Tenho, sim, a impressão de saber quem fui. Quase milimetricamente, claramente. Mas, feito o cachorro que corre atrás do rabo, sempre chego atrasado a mim mesmo. Quando passo a saber quem sou, já não sou mais essa pessoa.
Às vezes, queria ser ninguém. Ou simplesmente escolho um dos milhares que fui e me apego àquela figura com uma nostalgia melancólica, como se o melhor de mim tivesse dissolvido na matéria da vida. Ou posso querer ser outra pessoa: quantas vezes quis ser outras pessoas, problemáticas e charmosas, famosas ou anônimas, pessoas!
Talvez possa tentar me apegar ao que queria ser, ao que serei.
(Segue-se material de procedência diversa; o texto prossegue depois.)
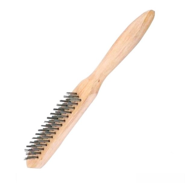 Cerdas de aço fixadas a um cabo de madeira. Oferece controle direto ao usuário para trabalhos detalhados e específicos. Composição: Madeira Medidas: 29 cm de comprimento por 1,7cm de altura Quant. de fileiras: 3
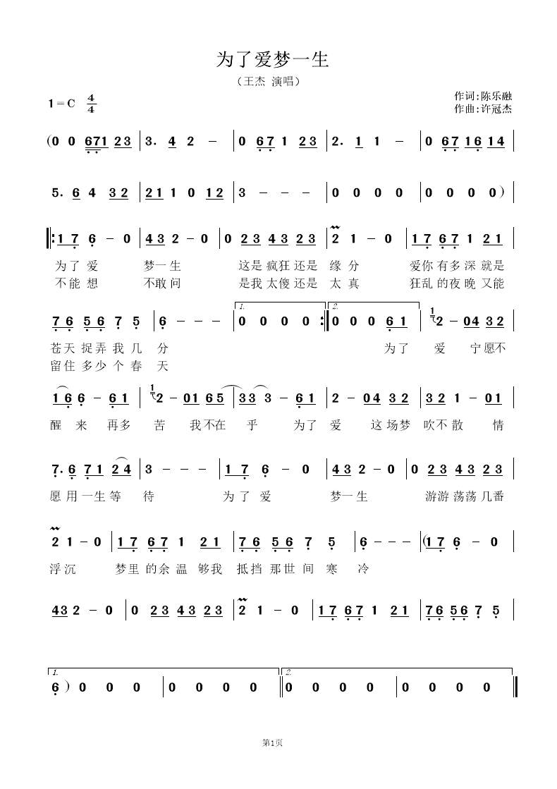 「為了愛夢一生」,創作歌手王杰的第十一張個人專輯,也是第七張國語專輯,由飛碟唱片發行于1991年1月。主打歌《為了愛夢一生》改編自許冠杰粵語歌曲《天才白癡往日情》,由陳樂融重新填詞、許冠杰作曲、Ricky Ho編曲。
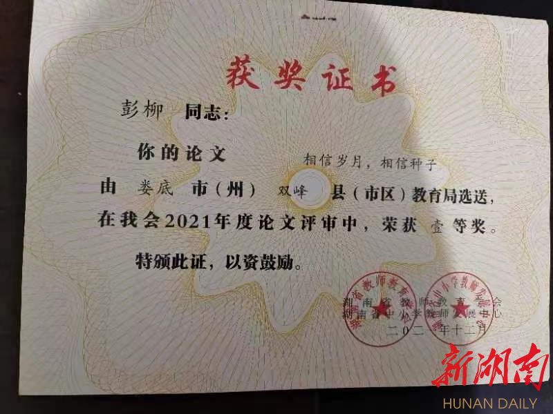 彭柳先后还带过实习老师、特岗教师,承担辅导青年教师的工作,给她们上示范课,听她们上课,看她们的教案,共同备课,研究分析教材、钻研教法,选择科学的手段和方法进行教学,互相交流经验,起到了传、帮、带的作用。年轻教师肖溪、唐婷婷、彭朗等在彭老师的指导下,在各级各类教学活动比赛中获得优秀成绩。2022年11月,她指导唐婷婷老师在2022年双峰县小学英语教学竞赛活动中,荣获一等奖。2023年3月,她指导彭朗老师在双峰县2022年度“基础教育精品课”遴选活动中荣获一等奖。她写的论文《相信岁月,相信种子》,在湖南省教师教育学会2021年度论文评审中,荣获一等奖。在2017年,在湖南省中小学教师信息技术与学科融合在线集体备课大赛中,彭柳作为主备人和执教人带领语文备课组团队,荣获一等奖。
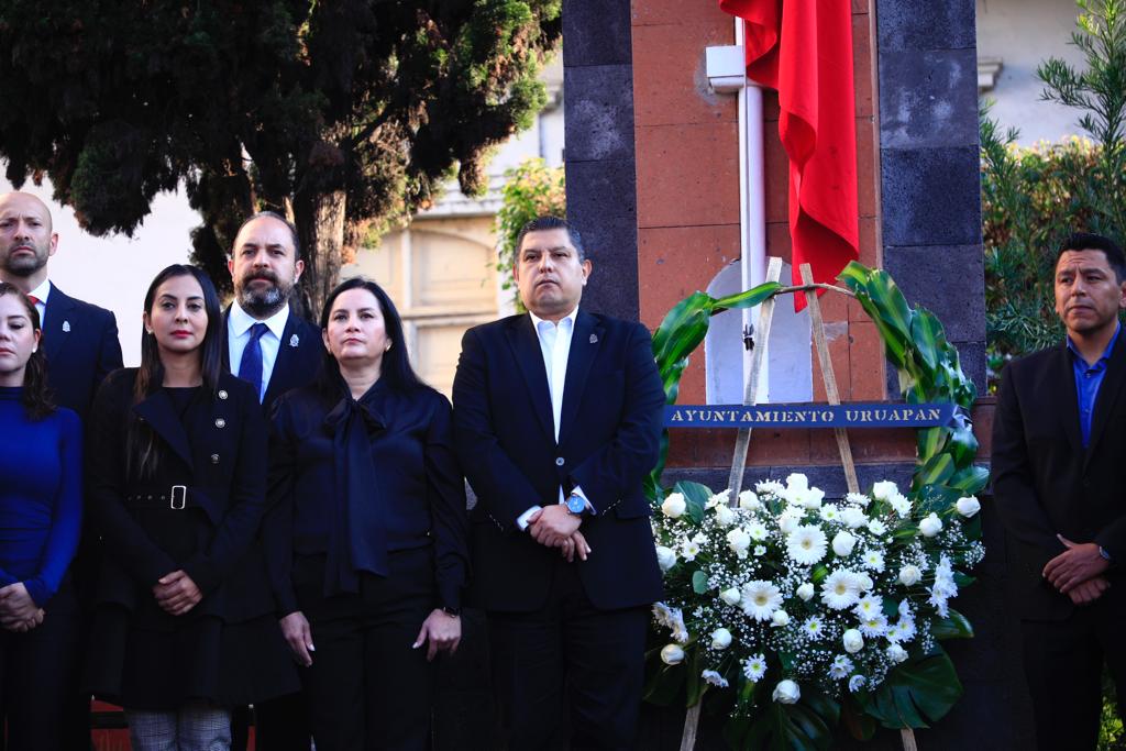 Uruapan, Mich., a 19 de septiembre de 2023 – El presidente municipal de Uruapan encabezó el acto en memoria de las víctimas del sismo de 1985 En punto de las 7 horas con 19 minutos, el Ayuntamiento, encabezado por Nacho Campos; la Junta Cívica, Patriótica y Conmemorativa; corporaciones de auxilio; y Luis Enrique Vega Sandoval, director de Protección Civil, participaron en el izamiento de la Bandera Nacional a media asta, guardaron un minuto de silencio y depositaron una ofrenda floral, en memoria de quienes perdieron la vida a causa del movimiento telúrico de 1985.
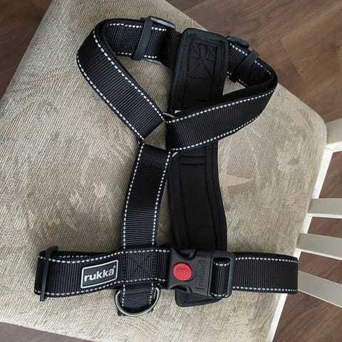 Rukka koiran vajaat, neonkeltaiset, heijastavat. Valjaat on valmistettu kestävistä materiaaleista ja niissä on heijastavat ominaisuudet näkyvyyden parantamiseksi. Valjaiden koko XL/XXL. Meidän ”hoikkapojalle” liian isot valjaat. Valjaiden saumat täysin ehjät. Valjasmateriaali muutenkin täysin ehjää. Soljet toimii. Nämä on siis Y-valjaat. Lähetys toridiilinä. Myös nouto.
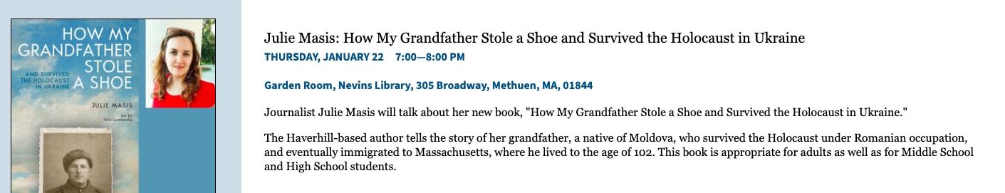 In connection with Holocaust Remembrance Day, Julie Masis, a Haverhill-based author of a new book called "How My Grandfather Stole a Shoe and Survived the Holocaust in Ukraine", will be giving a presentation about her book at the Nevins Library in Methuen on January 22th. The book is about Julie's grandfather, who survived the Holocaust under Romanian occupation, fought in the Red Army, and later immigrated to Massachusetts, where he lived to be 102 years old.
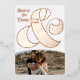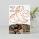 Modern and Elegant script calligraphy ampersand with rounded mask overlay of simple 2 photos in real rose gold foil, black and white wedding save the date.
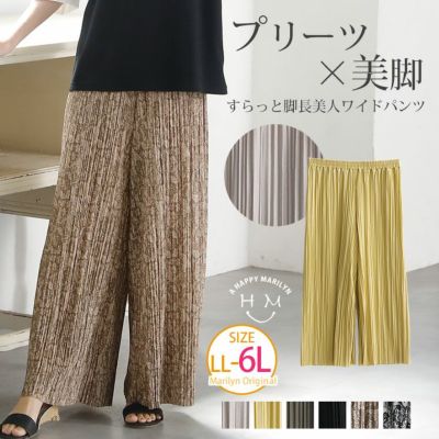 無地 と 柄 で選べる 上品 リラックス な ランダムプリーツ ワイドパンツ | 大きいサイズの通販ならハッピーマリリンのレビュー
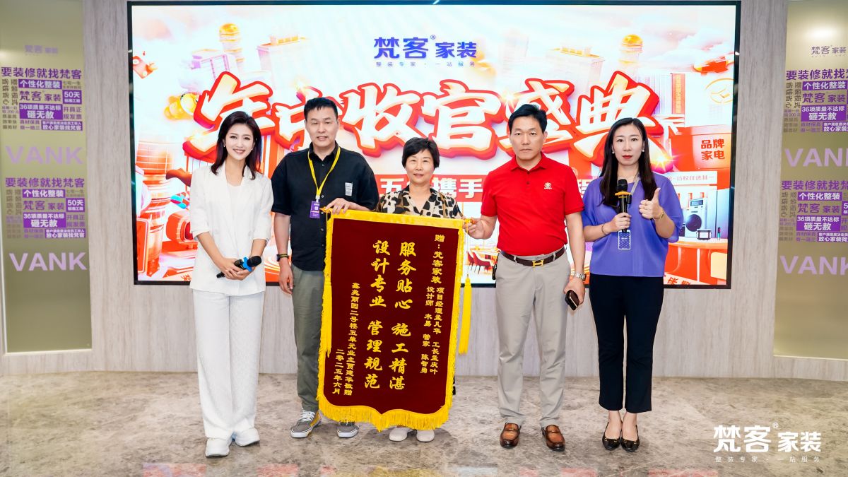 已經裝修完的業(yè)主也專程來送錦旗,表達了對梵客家裝的感謝,紅底金字熠熠生輝,其肺腑之言更堅定了梵客做好產品、做好服務的決心與信心。
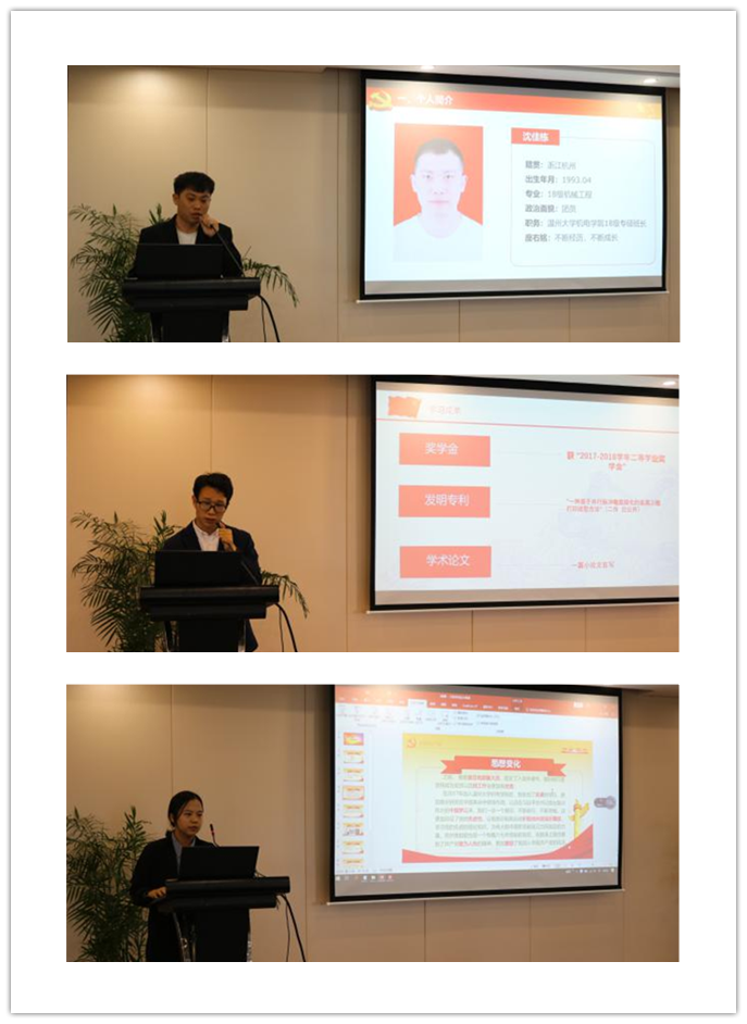 在研究生党支部副书记张玉朋介绍完追新番 党员发展答辩会制度实施办法之后,五位答辩人逐一展示了自己的答辩PPT,向党组织汇报了自己对党的认识,陈述了入党动机及自身表现,同时也就自身存在的优点和不足之处进行了深刻的分析,并明确了自己今后努力的方向。随后,在场的党员同志和评委客观公正地对答辩人进行提问,环节气氛活跃。
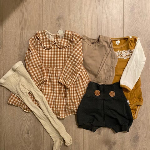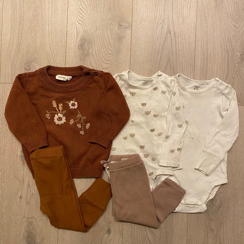 Klespakke i str 86, fra Lindex, Zara og H&M. Buksa med regnbue på har noen flekker som ikke får vekk i vask
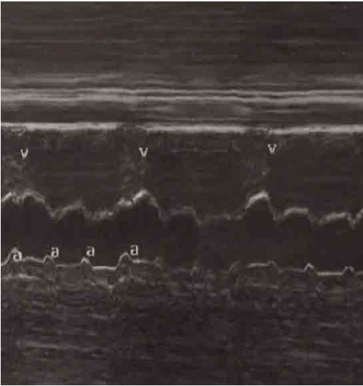 Al ingreso al HUCSR se realizan pruebas de bienestar fetal las cuales son normales; posteriormente se realiza ecografía de detalle en la cual no se observan signos de hidrops fetal ni otras alteraciones anatómicas. Finalmente, se realiza ecocardiograma fetal donde se encuentra situs solitus, situs vascular normal, eje cardiaco de 45º, relación cardiotorácica de 0,55, corte de cuatro cámaras normal, concordancia auriculoventricular y ventriculoarterial, inserción valvular normal, foramen oval permeable, flujo hacia aurícula izquierda, movimientos de paredes libres de ventrículos de amplitud normal; se observa imagen hiperecogénica a nivel del nodo sinoauricular sugestiva de fibroelastosis endocárdica (figura 1). No se evidencia ritmo sinusal, se documenta disociación auriculoventricular en Modo M ((figure 2), con frecuencia cardiaca ventricular de 50 lpm y frecuencia auricular de 135 lpm, segmentos PR variables, e istmo aórtico con flujo anterógrado. No hay evidencia de disfunción diastólica dada por ductus venoso normal.
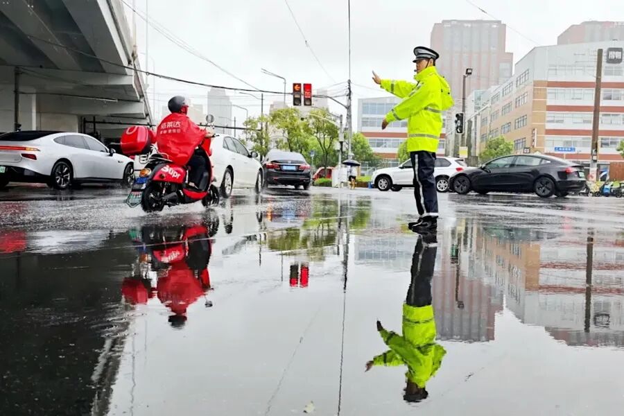 “同志,不要再拍照了,赶紧回家吧,这里危险!”普陀警方以苏州河沿线为重点,施行“视频+实兵”巡逻值守,避免发生人员落水等意外情况。针对道路交通,普陀分局交管支队全员上岗,在主要道路、桥梁及低洼易涝区域增设了警示标识和临时交通管制点,采用24小时巡逻值守制度,动态关注降雨情况,严防发生“淹车亡人”事故,以实际行动守护人民群众财产安全。

Mas esse exercício revelou-se uma enorme perda de tempo, já que sempre que fui o que queria estive completamente insatisfeito e amarrado por essa situação. Quando não fui, porém, não pude escapar da frustração, esse sentimento que adora tripudiar sobre a gente, aquela voz que ri quando perdemos um pênalti.
Qual é a solução para isso? Obviamente, não será nesse texto que alguém vai encontrar. Talvez quem esteja lendo isso saiba perfeitamente quem é, e por isso zombe da minha falta de autoconhecimento. Talvez sua personalidade seja algo tão palpável que você possa montá-la e desmontá-la feito lego. Comigo as peças encaixáveis derretem-se umas sobre as outras até formar uma massa disforme que sou obrigado a chamar de eu.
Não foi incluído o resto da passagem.